Manu Chao: Catching Up With the ‘Travelling Man’
Travel Blog • Ben Keene • 08.30.07 | 11:57 AM ET
Although its Sept. 4 release date narrowly misses an opportunity to be played on thousands of North American stereos over the approaching holiday weekend, Manu Chao‘s forthcoming album, La Radiolina, already has the attention of music journalists in the U.S. and Europe. Writing in The New Yorker, in a story headlined Travelling Man, Sasha Frere-Jones describes the fourth release by the Latin artist as his “most direct yet, presenting him as a sincere man motivated equally by affection and quiet fury,” emphasizing the populist nature of Chao’s polyglot pop. We’ve already given away our feelings about Chao: We recently named him one of our Seven Wonders of the Shrinking Planet.
Frere-Jones hints at how Chao’s appealing blend of energy and social commentary, in addition to his versatility—on the new album he sings in five languages—have allowed his songs to cross borders and reach an international audience. Of Chao, Frere-Jones writes, “Few pop performers take the idea of being a global musician so literally.”

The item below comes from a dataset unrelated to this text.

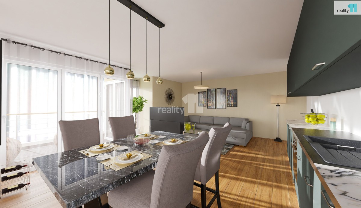 Bytové jednotky umístěné v 1 - 6NP (šesté nadzemní patro), v dispozici 2+kk o výměře od 60 m² + sklepní kóje a vyhrazené vnitřní parkovací stání v ceně.

He begins the story with this great anecdote:
Toward the end of a live show, weary musicians often appeal to the audience with a stock phrase intended to invigorate the proceedings: “How is everyone feeling tonight?” “I can’t hear you!” “Cleveland, make some noise!” Manu Chao, a wiry forty-six-year-old of Spanish extraction who grew up in Paris, used a different tactic when he played the first of two sold-out shows in Brooklyn’s Prospect Park in June. He shouted out the names of countries, and people cheered, often in reverse proportion to the nation’s population: “Uruguay!” Some whoops. “Costa Rica!” Roars. “Macedonia!” Total mayhem.
Chao also made his first U.S. television appearance earlier this month, sitting for an interview and performing on the Henry Rollins Show.